We demonstrate the utility of Spacedust by detecting conserved clusters in an all-versus-all comparison of 1,308 representative bacterial genomes from different genera with a total of 4.2 million protein-coding genes. Spacedust recovers previously annotated gene clusters, for example, operons, antiviral defense systems and BGCs. It is able to assign 58% of all 4.2 million genes and 35% of genes without any annotation to conserved gene clusters. Spacedust also discovers the vast majority of antiphage defense systems in this dataset and achieves better results in identifying 207 manually annotated BGCs than three specialized tools.
Spacedust takes as input a set Q of query genomes and a set T of target genomes (which may be equal to Q) and, for each pair (q, t) ∈ Q × T of query and target genome, it finds all gene clusters whose gene arrangement is at least partially conserved between q and t (Fig. 1 and Methods). For that purpose, Spacedust first identifies homologous matches ('hits') between proteins in Q and proteins in T using our sensitive structure search tool Foldseek and our sequence search tool MMseqs2 (ref. ; steps 1-5 in Fig. 1a). For every Q-T pair, it detects clusters of hits with significant conservation of gene neighborhood, using a greedy cluster detection algorithm (step 6 in Fig. 1a,b). The cluster detection starts with each protein hit in its own cluster and adds protein hits to the cluster matches one at a time. If the significance score of the cluster match improves, the addition is accepted and the algorithm continues, until the significance of the cluster matches cannot be improved further. The significance score is calculated as the sum of the negative logarithms of a clustering P value and an ordering P value.

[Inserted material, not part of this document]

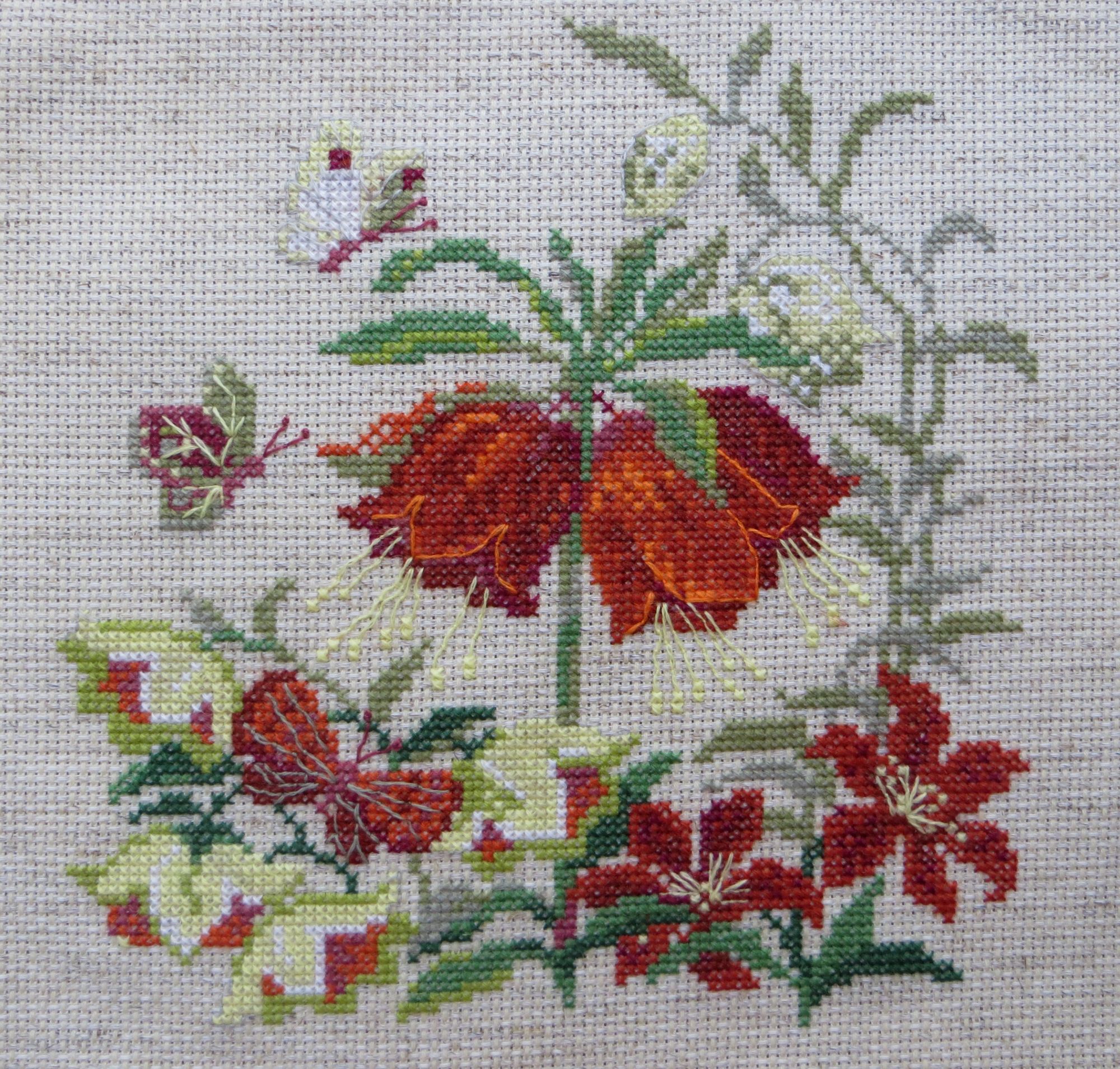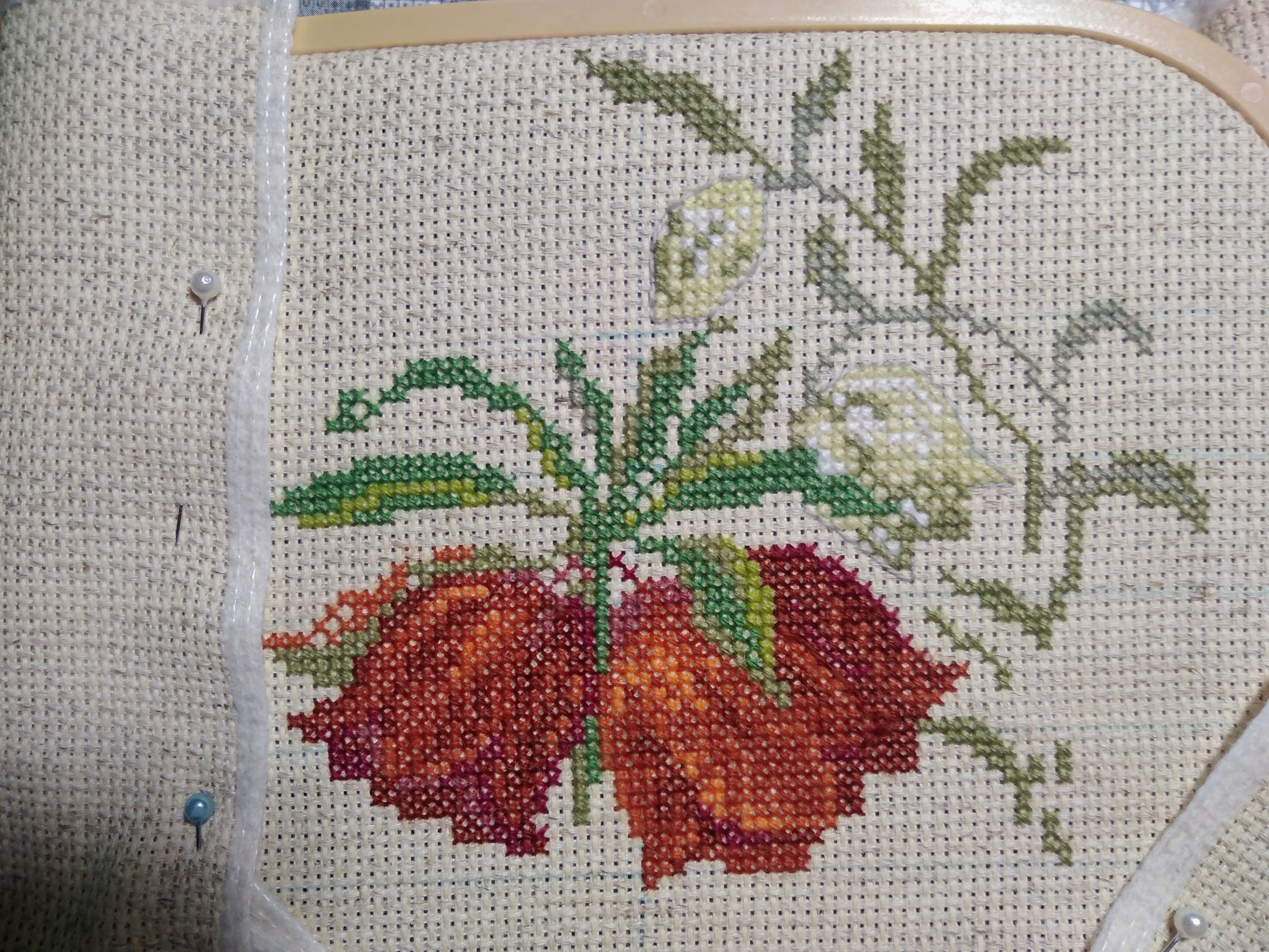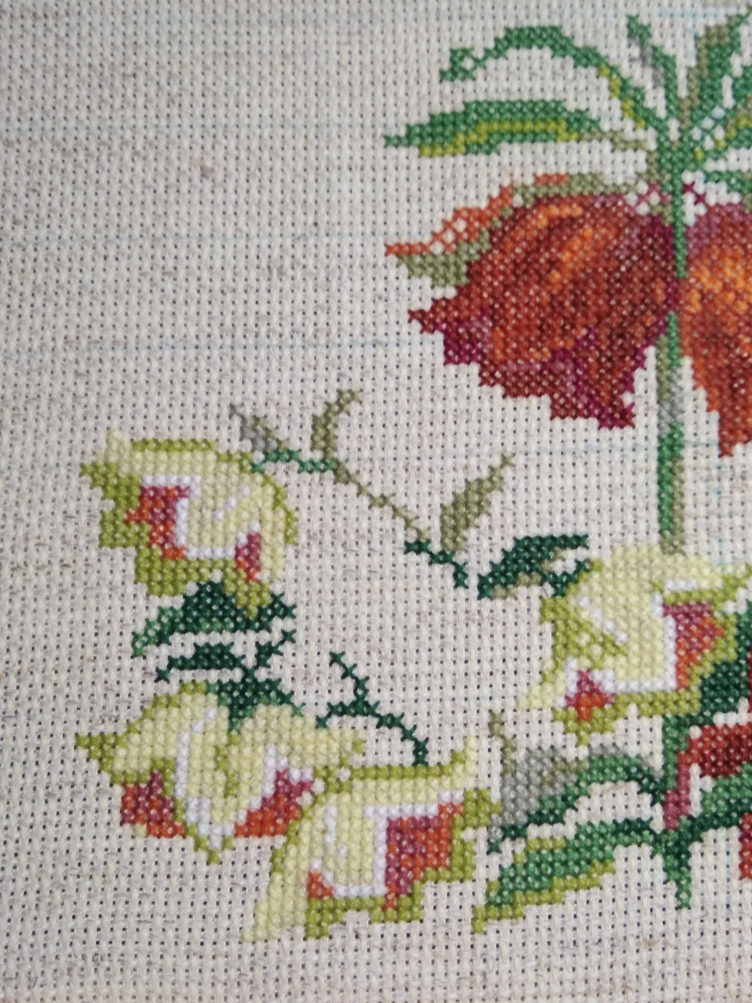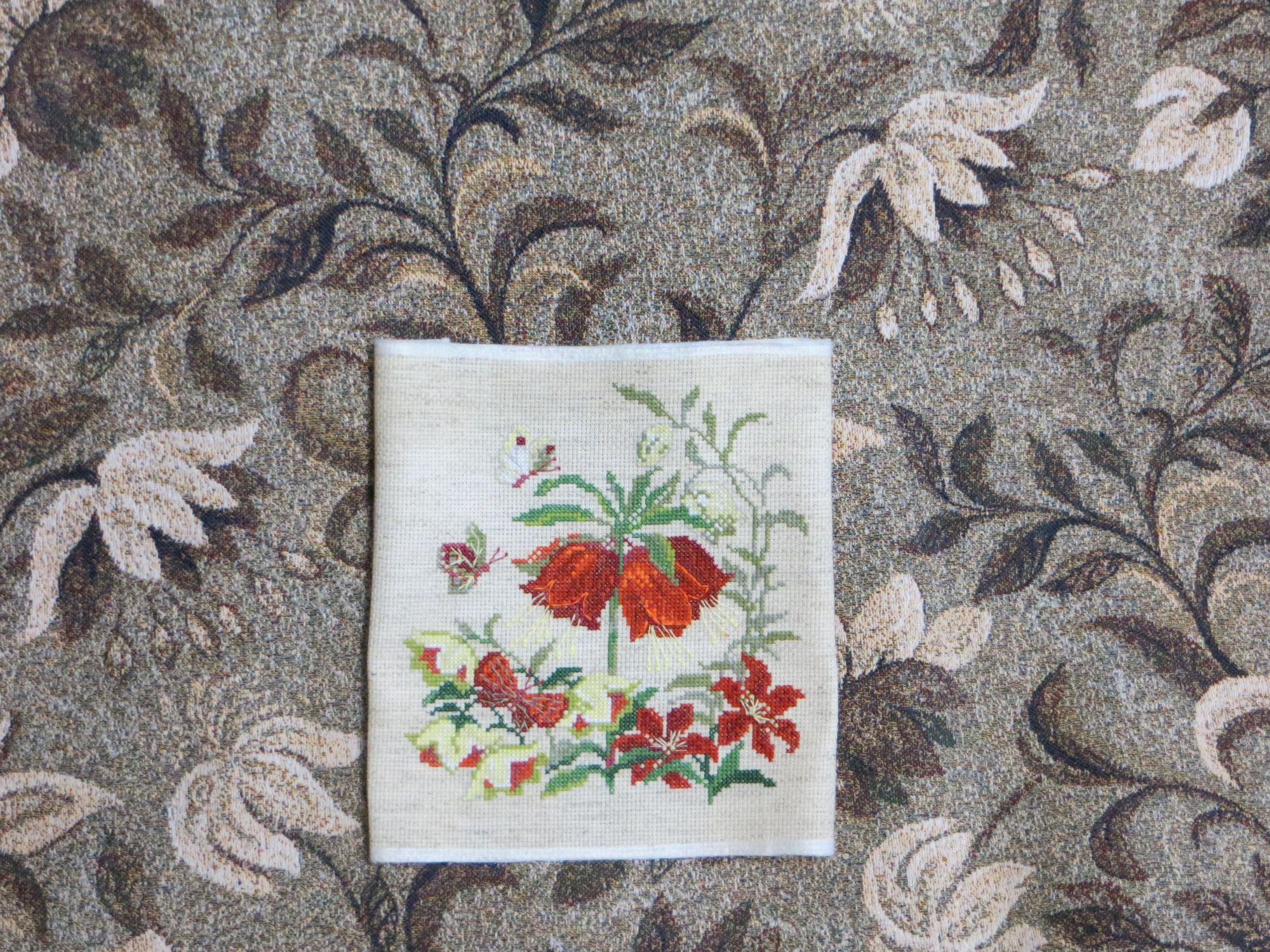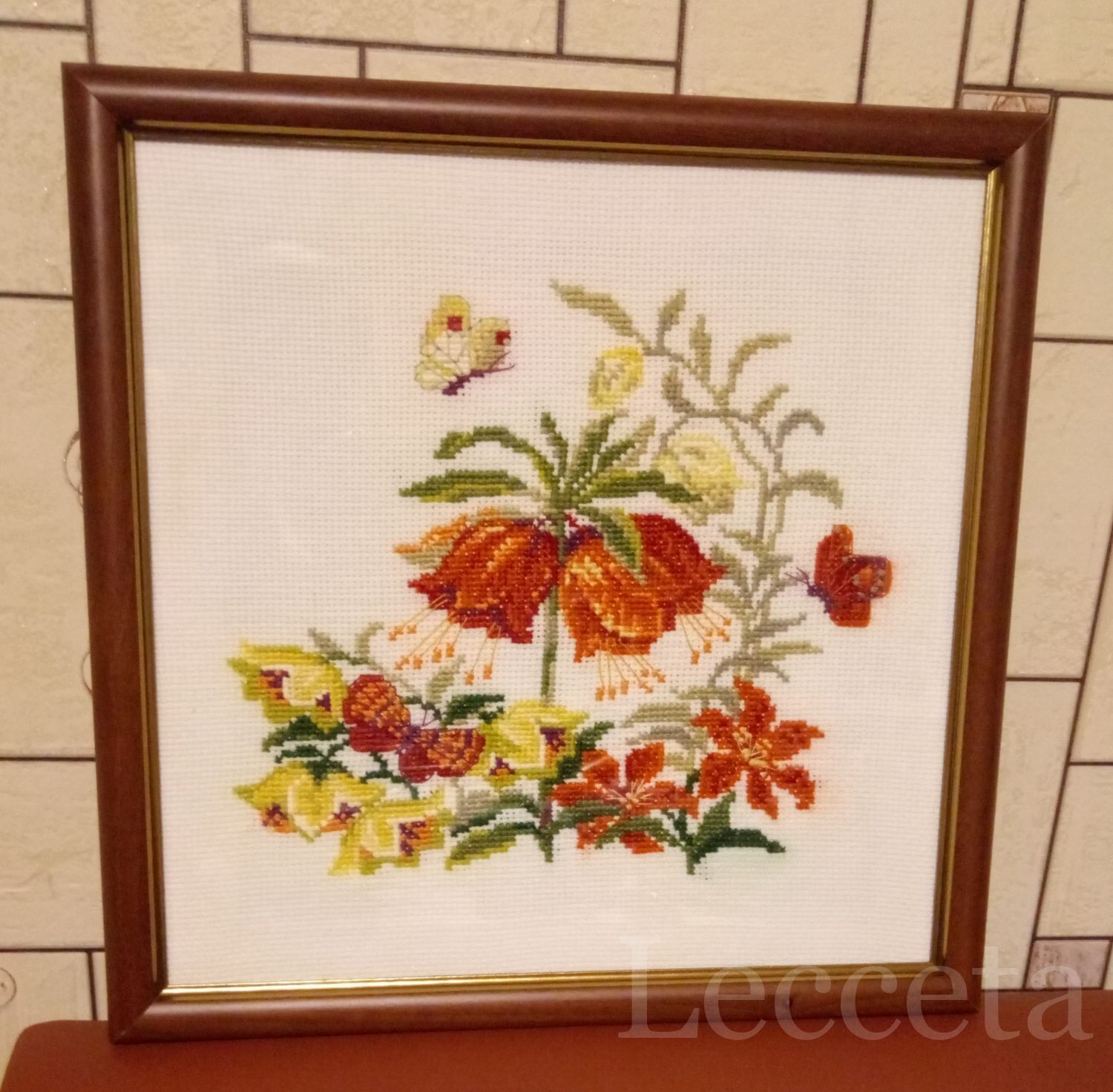 24 августа 2021 Всем привет! Я вышила маленький старый Риолис , давно собиралась, а когда увидела отшив в нашей Галерее, убедилась, что "надо брать". Гамма и композиция немного изменены, вышито в одну шерстяную нить. Итоговый размер 18 на 17 см. Добавила немного бэка. Канва под лён 14-го каунта из американского набора с птичкой , что дарила Ольга @оленек74 в 2017-м году . Для птичек мне показалось толстовато, а канва приятнейшая - плотная, мягкая, с небольшими дырочками. Всё-таки американская канва прекрасна! Использовала оба кусочка - на сапожки и теперь вот на Рябчик императорский. Ольга, благодарю ещё раз! Риолис (Сотвори сама) 704 шерсть, 13 цветов, ПОДБОР (в базе нет) ВСЁ!! Рябчик императорский Интересно, что на наших покрывалах в зале я заметила что-то отдаленно напоминающее этот цветок, а также лилейник. Вышивала довольно медленно с 16 по 23 августа, кое-что распускала, в том числе бабочку справа (перенесла её влево, заодно изменила цвета в ней). Инна @Zlatodara, ты видишь, продолжаю использовать твои ленточки для обработки края, большое спасибо! pepita, Iharu, СветланаМ и 26 других сказали спасибо Поделиться сообщением Ссылка на сообщение

The clustering P value is the probability of finding 'by chance' at least k matches within a window of at most m genes in both the query and the target genome. The ordering P value is the probability to find 'by chance' at least n pairs of genes of the cluster match in conserved order in both genomes. The cluster detection algorithm thereby identifies positionally conserved clusters between all Q-T pairs of genomes. Optionally, the cluster matches for each query genome, aggregated across multiple reference genomes, can be visualized as a measure of conservation strength.
Despite the availability of tens of thousands of complete bacterial genomes, the gene cluster conservation landscape has yet to be surveyed systematically. To address this gap, we curated a dataset of 1,308 bacterial reference genomes, covering a broad phylogenetic range. These genomes were selected such that they belong to different bacterial genera (Methods), to focus on detecting remote homology and globally conserved clusters across higher taxonomic ranks. This choice means species-specific and genus-specific gene clusters cannot be found in this analysis. We subjected all predicted genes (4.19 million) from the 1,308 genomes to an all-versus-all Foldseek+MMseqs2 search using Spacedust. The all-versus-all homology search and hit-filtering process took 72 h to complete on two servers with two 64-core AMD EPYC ROME 7,742 CPUs each, or 150 ms per genome-genome comparison (Supplementary Information), and the subsequent cluster detection required 51 min. The runtime of Spacedust scales quadratically with the total number of genomes and proteins in the genomes, owing to the all-versus-all search and cluster detection. The search yielded 321.2 million cluster hits in 106.6 million cluster matches, with an average of three genes per cluster match (Fig. 2a).
These pairwise cluster matches were subsequently grouped on the level of genome and genes, which yielded 72,483 nonredundant clusters comprising 2.45 million genes, representing 58% of the dataset. We classified 4.19 million genes based on their eggNOG-mapper annotations: 'annotated' if the gene was assigned a specific function (3.13 million, or 75% of the dataset), or 'unannotated' if the gene was labeled as 'hypothetical protein', 'protein with unknown function', or lacking any annotation (1.06 million, or 25% of the dataset). Notably, 66% of the annotated genes were found in nonredundant clusters present in more than one genome. Additionally, 35% of the unannotated genes were found in nonredundant clusters (Fig. 2b).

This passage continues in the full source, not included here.